Publik mengira, bahwa BMI yang "baik-baik" yang "kuai" yang "manis-manis", tidak neko-neko, jauh lebih besar jumlahnya. Tiap Minggu, pengajian-pengajian akbar didatangi ribuan jamaah, digelar di beberapa tempat dalam sehari itu. Aneka lomba seperti joged, nari, MTQ, nyanyi, dsb. jauh lebih menarik ketimbang ikut gabung untuk demontrasi.

Publik tidak tahu, sesungguhnya kita yang manis-manis ini juga memendam rasa dendam, keluhan, atas biaya mahal--bahasa halusnya pemerasan-- agen selama ini.

Lha, emang apa harus semuanya turun demo? nggak perlu seneng-seneng, nggak butuh belajar? nggak perlu ngaji?

Kawan, nggak perlu semua anggota grupmu ikut demo. Tapi setidaknya selembar atribut/ bendera organisasimu saja bergabung, itu sudah cukup terlihat sebagai kekompakan. minimal orang akan melihat, 'ooo, ternyata CK Dancer juga anti penindasan BMI, ternyata FLP yang sering bekerja sama dengan KJRI itu juga menuntut diberlakukan kontrak mandiri, oooo..ternyata seluruh awak Posmih juga anti kedzoliman agen..dsb.

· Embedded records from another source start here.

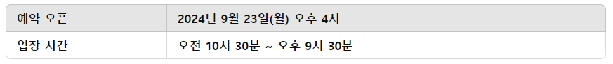 - 예약 오픈일: 2024년 9월 23일(월) 오후 4시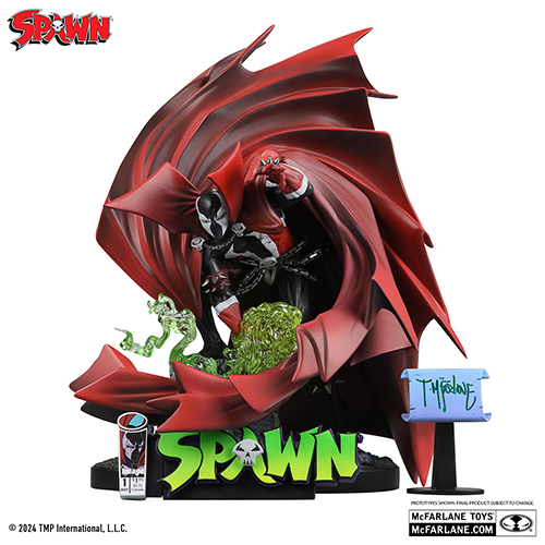 マクファーレントイズ。言わずと知れた『SPAWN』の作者であり、現ギネス記録保持者でもあるトッド・マクファーレンにより立ち上げられたフィギュアメーカー「マクファーレントイズ」が、トッド・マクファーレンが描いた「Spawn #1」のカバーアートのスポーンを「ブラック・ホワイト&レッド・オールオーバー」シリーズより全高約25cmのスタチューとして立体化!スタチュー全体を覆うほど存在感のある真紅のマントにもぜひご注目を。台座には、スポーンのロゴなどがデザインされています。さらに、スタチューと並べてディスプレイできる、トッド・マクファーレンのサインがあしらわれた巻物風のスタンドが付属。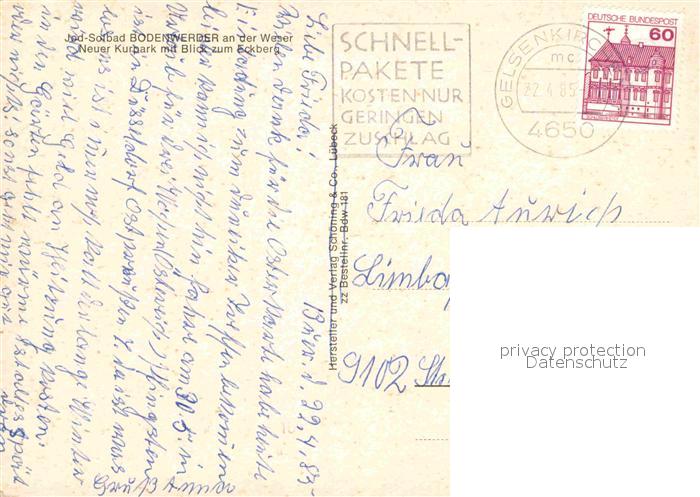 72866672 alte Postkarte Bodenwerder Neuer Kurpark Eckberg postalisch gelaufen Erhaltung siehe scans [NatalD47] KatCode: 11110003255003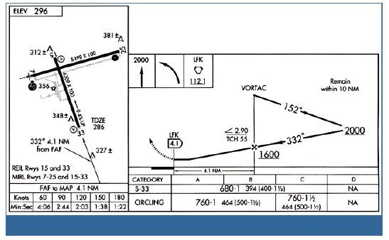 How will you identify the MAP for the VOR/DME RWY 33 approach at Lufkin/Angelina County?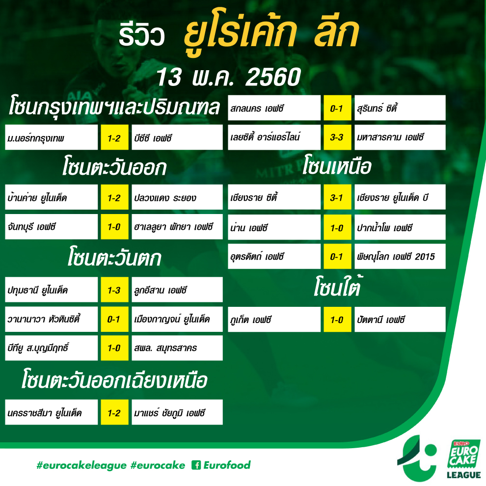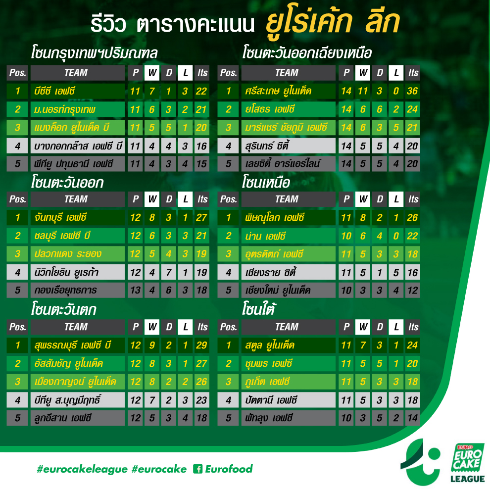 ขอบคุณข้อมูลจาก ยูโร่เค้ก ลีก ผู้สนับสนุนฟุตบอล ยูโร่เค้ก ลีก โปร และ ยูโร่เค้ก ลีก อย่างเป็นทางการ
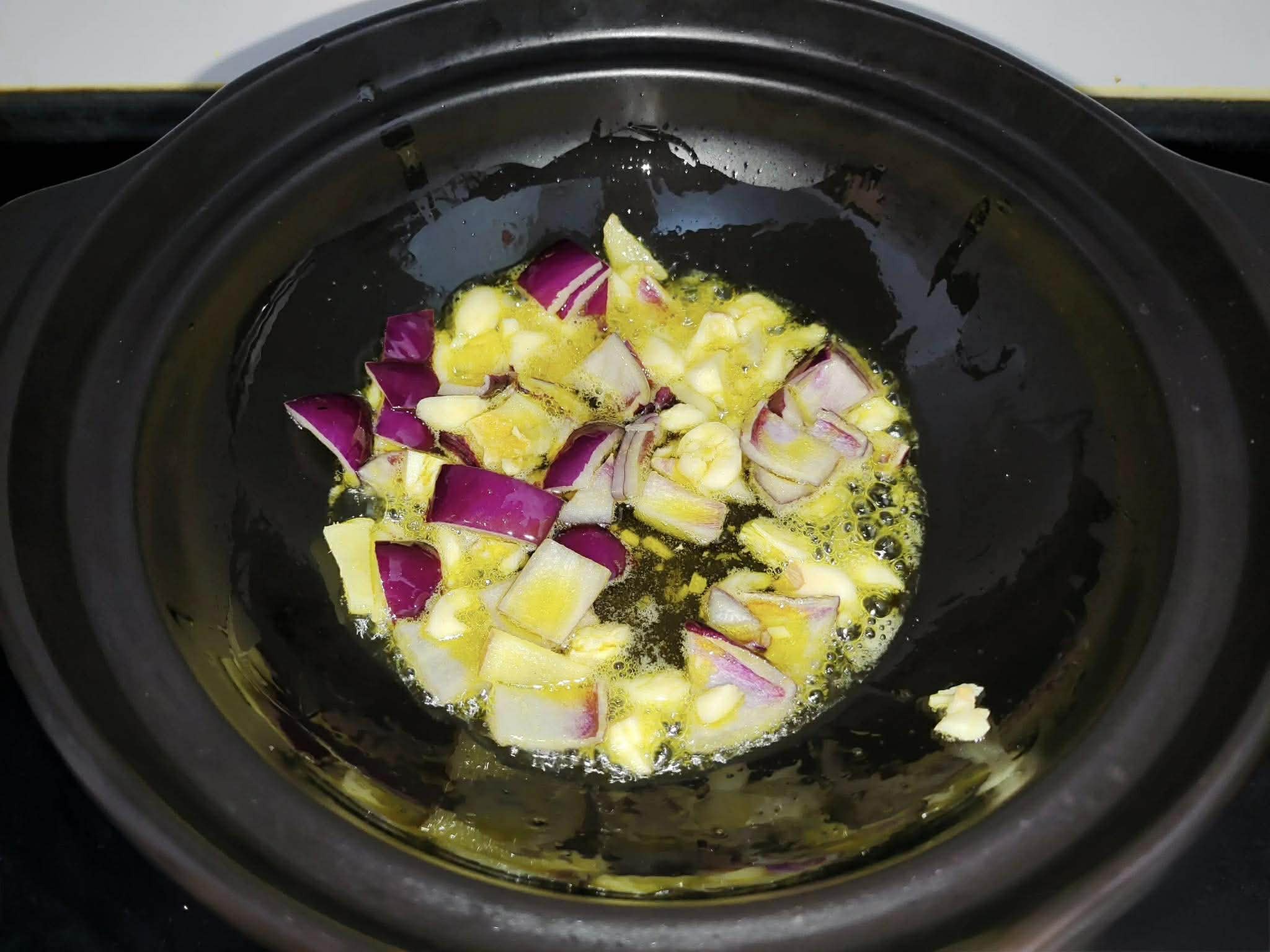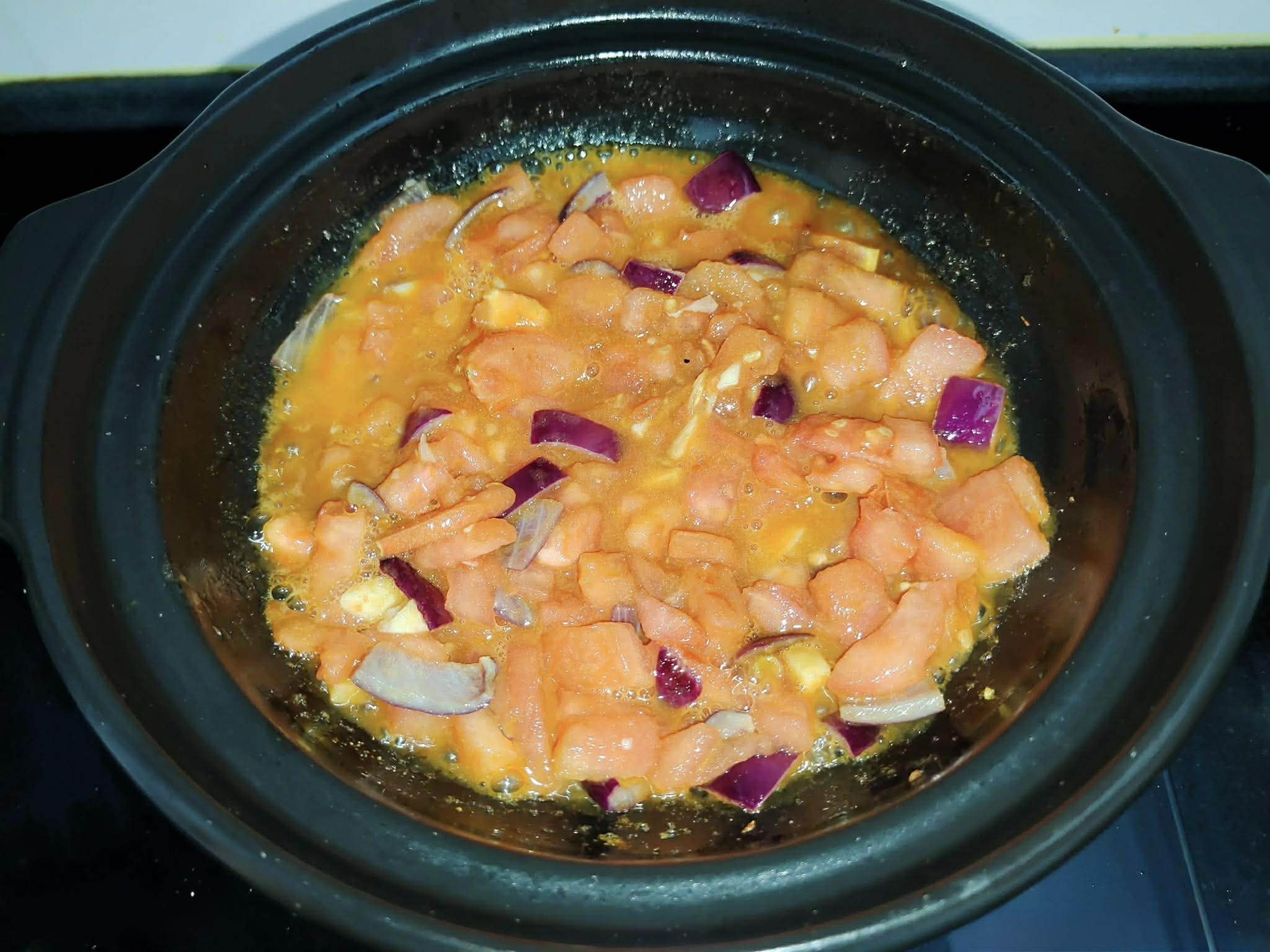 Bước 3: Hành tây bóc bỏ vỏ nâu rồi rửa sạch, thái nhỏ. Tỏi và gừng loại bỏ vỏ rồi băm nhỏ. Đặt nồi lên bếp, cho một chút dầu ăn vào rồi đun nóng. Khi dầu nóng thì cho tỏi cùng gừng băm vào phi thơm. Sau đó cho hành tây vào xào thơm. Tiếp đó, cho cà chua, chút muối và sốt cà chua vào, đảo đều cho đến khi cà chua tiết ra nước. Cuối cùng, rưới một ít nước tương vào và xào cho đến khi hòa quyện.
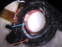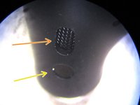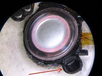 Closeup view of the magnet that to holds the Bud in the charger. The magnet located is below the speaker in the sound chamber area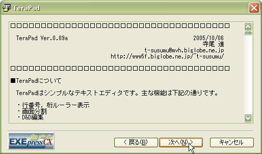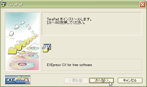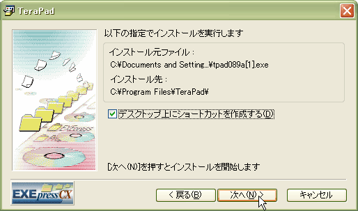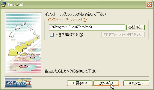 ※ ここは必ずこのまま "次へ" をクリックしてください。ここでインストール先を変えてしまいますと、次にご紹介します TeraPad をクリックひとつで ソースエディター にする terapad.reg ファイルが使えなくなってしまいます。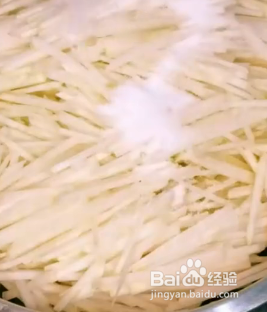 苤蓝切丝,放盐拌匀,腌制一个小时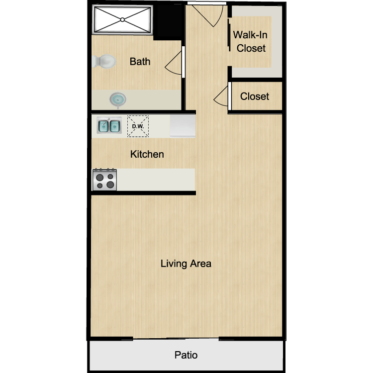 Studio, 1 Bath, 500 sq ftModel Gallery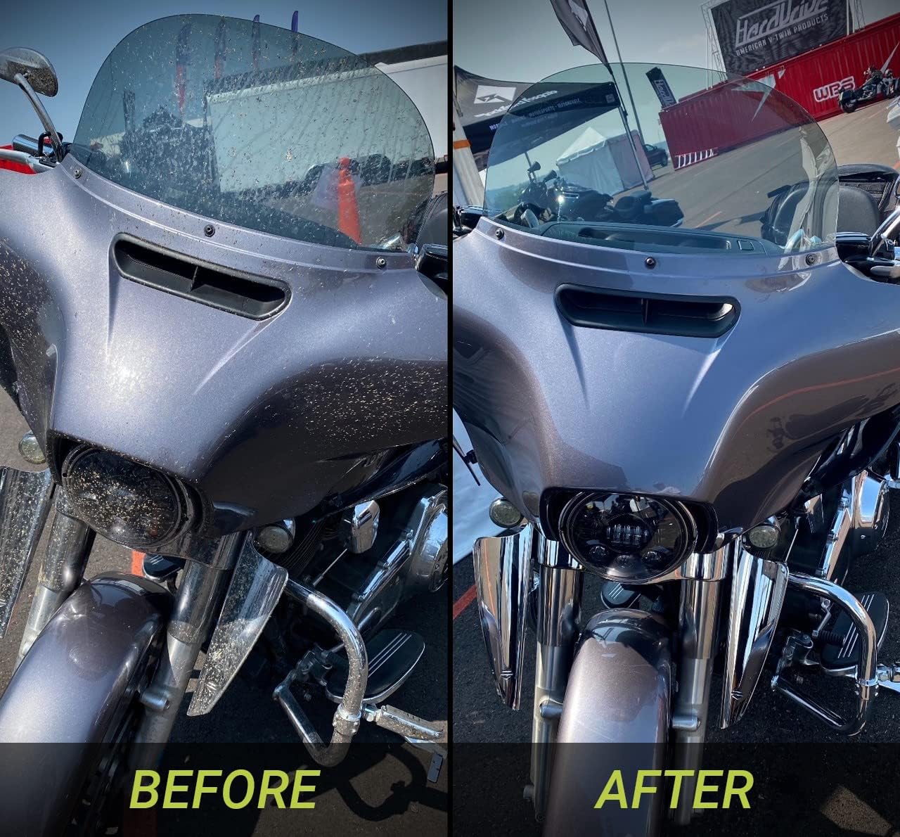 - Works on Multiple Surfaces – Bugslide's car cleaning solution is safe, all-purpose, and used to polish all non-porous surfaces including paint, chrome, glass, fiberglass, acrylic, aluminum, plexiglass, plastic, Lexan, vinyl, and leather. Works well on cars, RVs, campers, trailers, motorcycles, boats, ATVs and more.

Lhohhhh..nggak tahu,ya? si Widya itu anak FLP sering gabung KOTKIHO woooo...

Mana publik kenal kalau Widya anak FLP? Yang masuk satu barisan dengan bendera KOTKIHO thok itu ya KOTKIHO thok. Anggi Camat yang ikut demo dengan PILAR itu ya mana kelihatan kalau mewakili Sekarbumi?

Belajar dari banyak kelompok protester yang turun jalan waktu May Day. Ratusan atribut mewakili jutaan suara tampak kompak berada dalam satu barisan panjang. Media menyorot. Para reporter melaporkan ke publik. Para fotografer mengabadikan. Visualisasi itu akan terus melekat dalam benak publik, termasuk pemerintah sebagai pihak yang diprotes.

Bila tiap kali protes dengan membawa banyak orang beserta bendera atas nama seluruh organisasi dan kelompok BMI, tentu publik akan melihat lain. Kompak ! Satu suara !

Jadi? Benderane thok wae? Orangnya nggak perlu banyak?
Kawan, tetesan air saja hanya akan mampu melumerkan selembar tissue. Seember air akan bisa memindahkan seonggok kerikil. bendungan yang jebol akan bisa menghanyutkan beberapa desa.
Begitu juga kekuatan pikiran manusia yang berkumpul dalam satu gerakan/doa.

Sure? Jaminan akan sukses demo kita?
Mmmm...tinggal pihak yang diprotes itu masuk golongan janma limpat, sak klebat prasasat tamat, atau golongan janma gebleg, diduleg sansaya ndableg ?

Kalau mereka limpat (cung meing, peka, cerdas, cepet tanggap), ya baru dengar desah resah kita sudah merespon," ada yang bisa kami bantu?' Itulah respon pemerintah/bangsa yang tinggi martabatnya, well educated, berbudaya.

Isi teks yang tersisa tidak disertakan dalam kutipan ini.